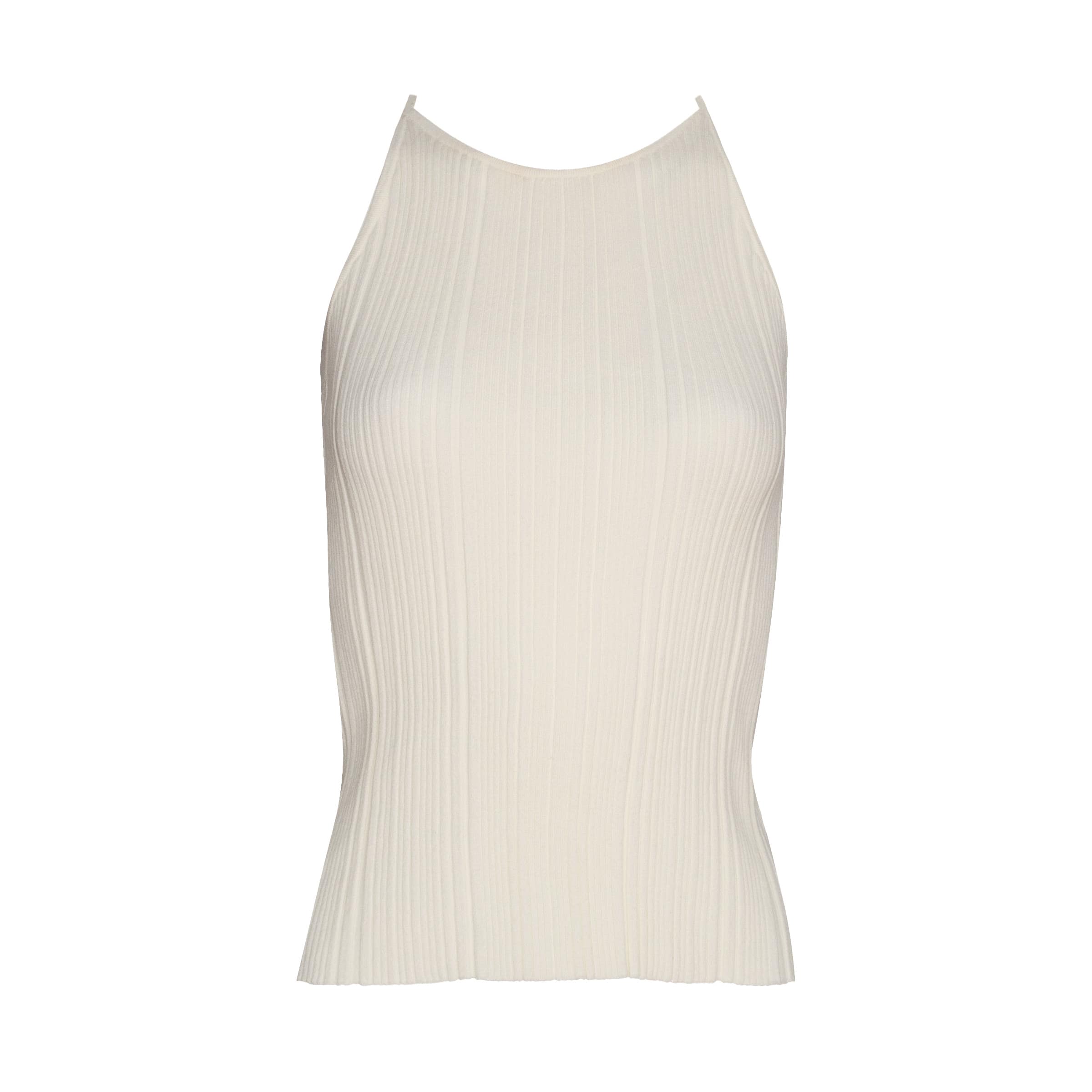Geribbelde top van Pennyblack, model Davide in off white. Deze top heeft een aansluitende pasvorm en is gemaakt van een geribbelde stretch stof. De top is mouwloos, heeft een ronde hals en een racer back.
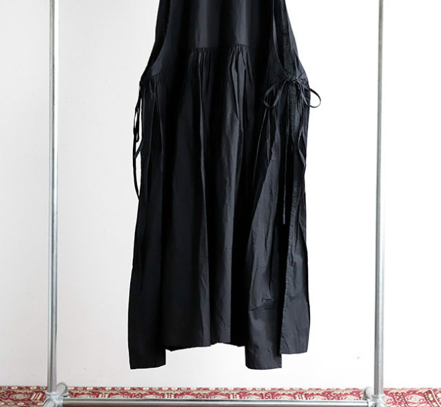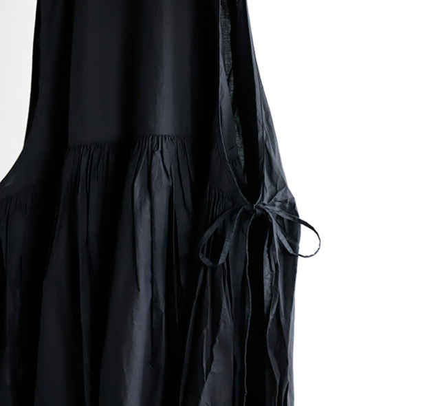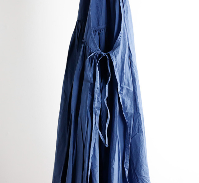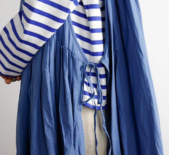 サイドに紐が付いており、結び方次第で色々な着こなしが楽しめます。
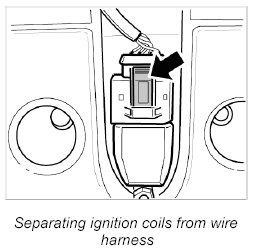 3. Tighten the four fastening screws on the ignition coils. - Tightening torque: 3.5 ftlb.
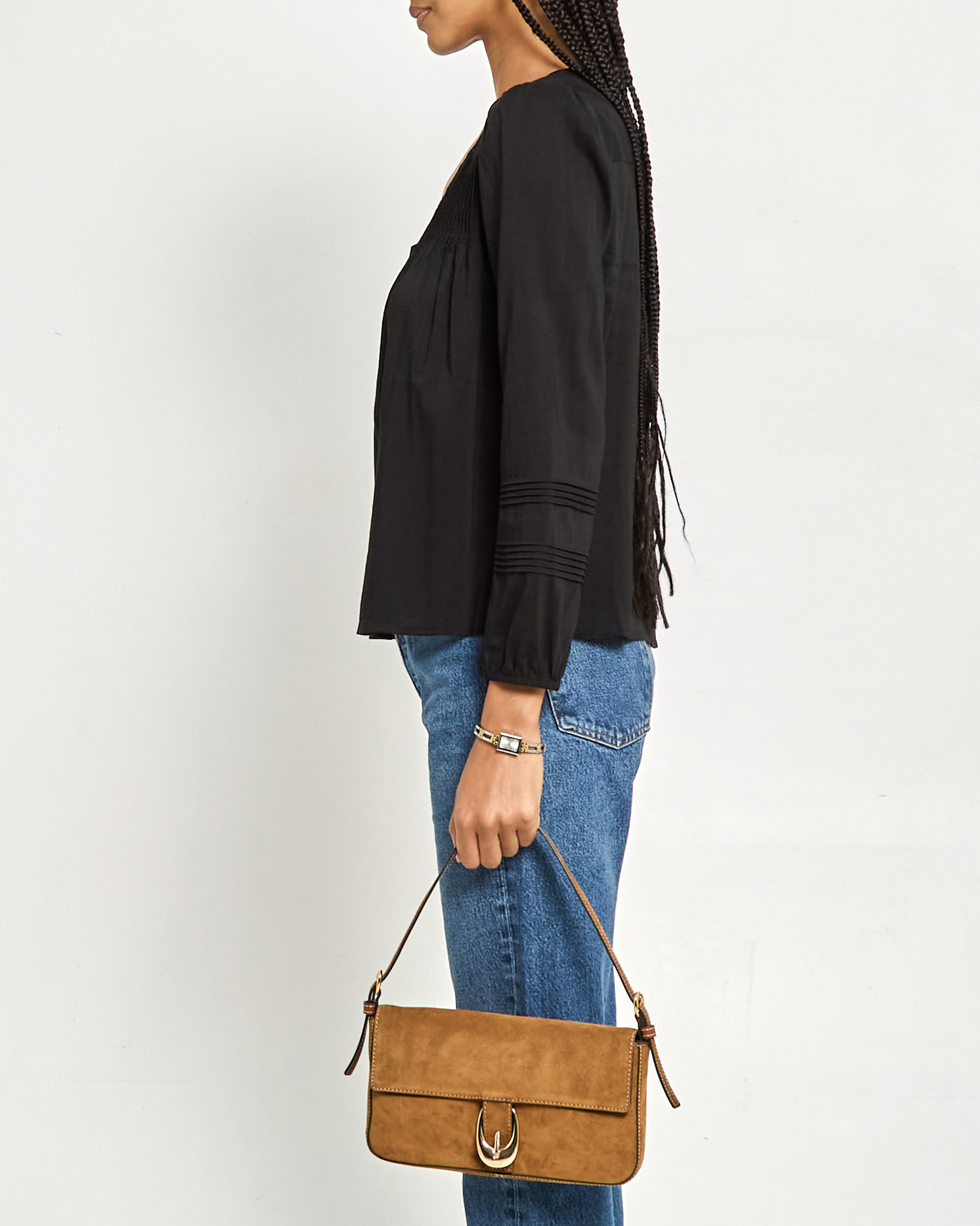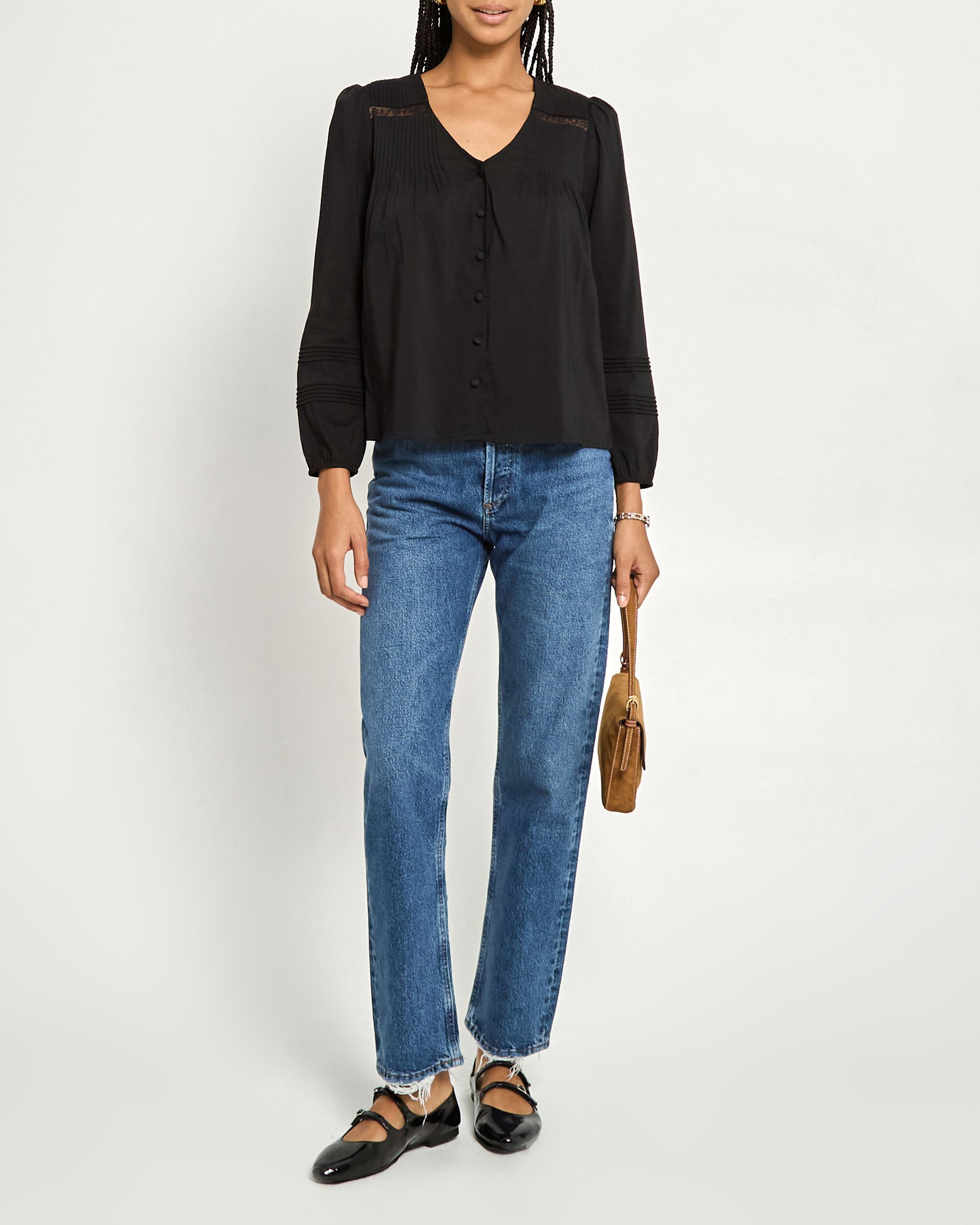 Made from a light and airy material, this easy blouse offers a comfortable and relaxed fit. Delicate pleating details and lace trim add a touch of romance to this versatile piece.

══════

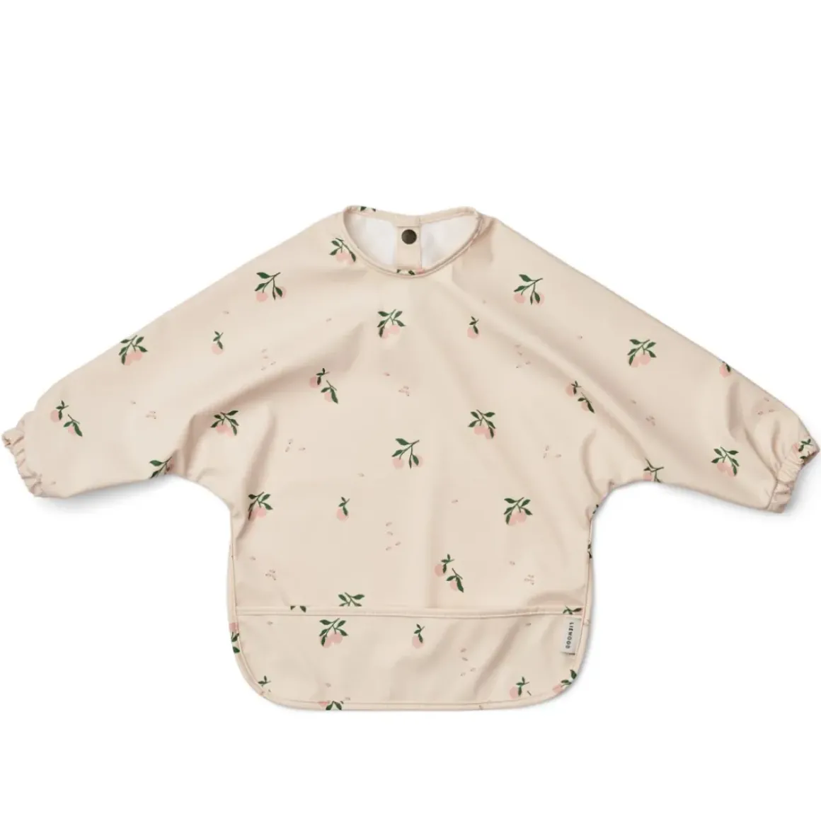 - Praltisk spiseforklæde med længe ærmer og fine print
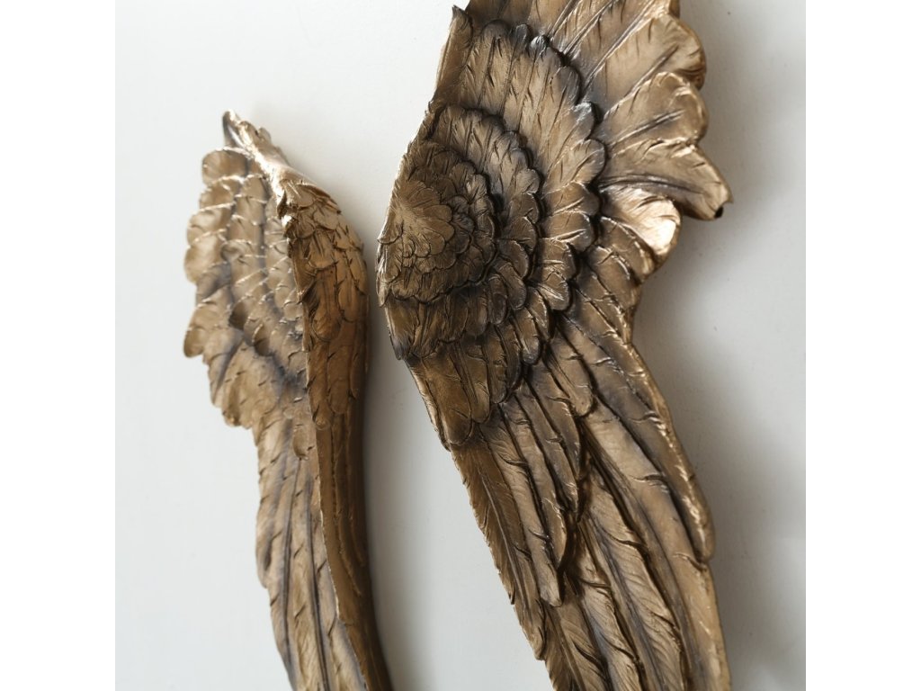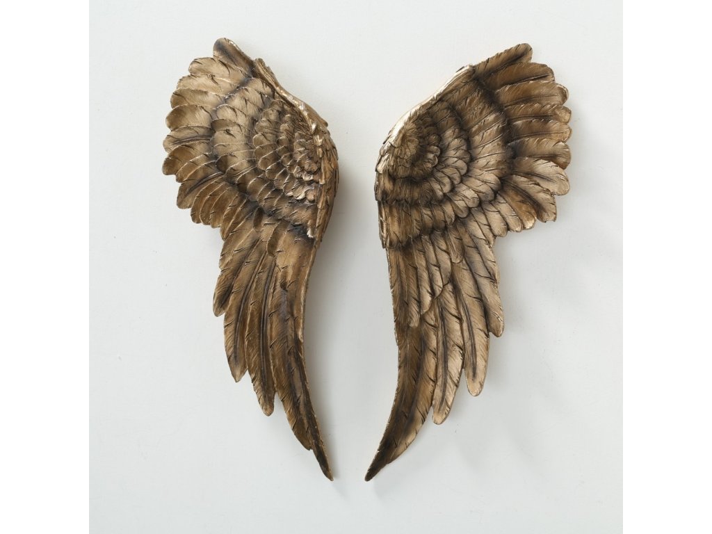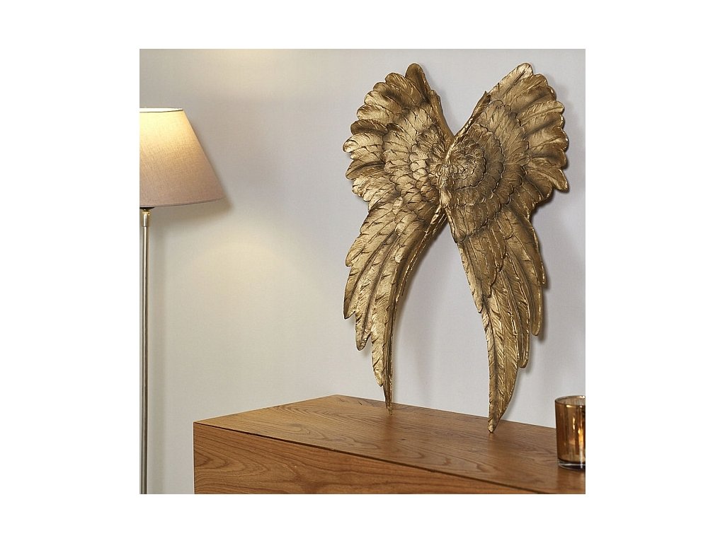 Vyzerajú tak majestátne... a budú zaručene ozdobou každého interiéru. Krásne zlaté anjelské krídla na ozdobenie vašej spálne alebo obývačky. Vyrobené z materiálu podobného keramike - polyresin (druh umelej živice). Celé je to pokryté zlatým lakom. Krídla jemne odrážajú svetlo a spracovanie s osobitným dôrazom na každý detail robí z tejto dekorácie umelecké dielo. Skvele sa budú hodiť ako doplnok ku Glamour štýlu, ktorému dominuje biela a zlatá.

══════

§ Exercise description
For the material above, give again only the lines starting at the line that contains "3. Tighten the" and ending at the line that contains "Made from a". Pictures do not belong in the copy.

§ Output
 3. Tighten the four fastening screws on the ignition coils. - Tightening torque: 3.5 ftlb.
 Made from a light and airy material, this easy blouse offers a comfortable and relaxed fit. Delicate pleating details and lace trim add a touch of romance to this versatile piece.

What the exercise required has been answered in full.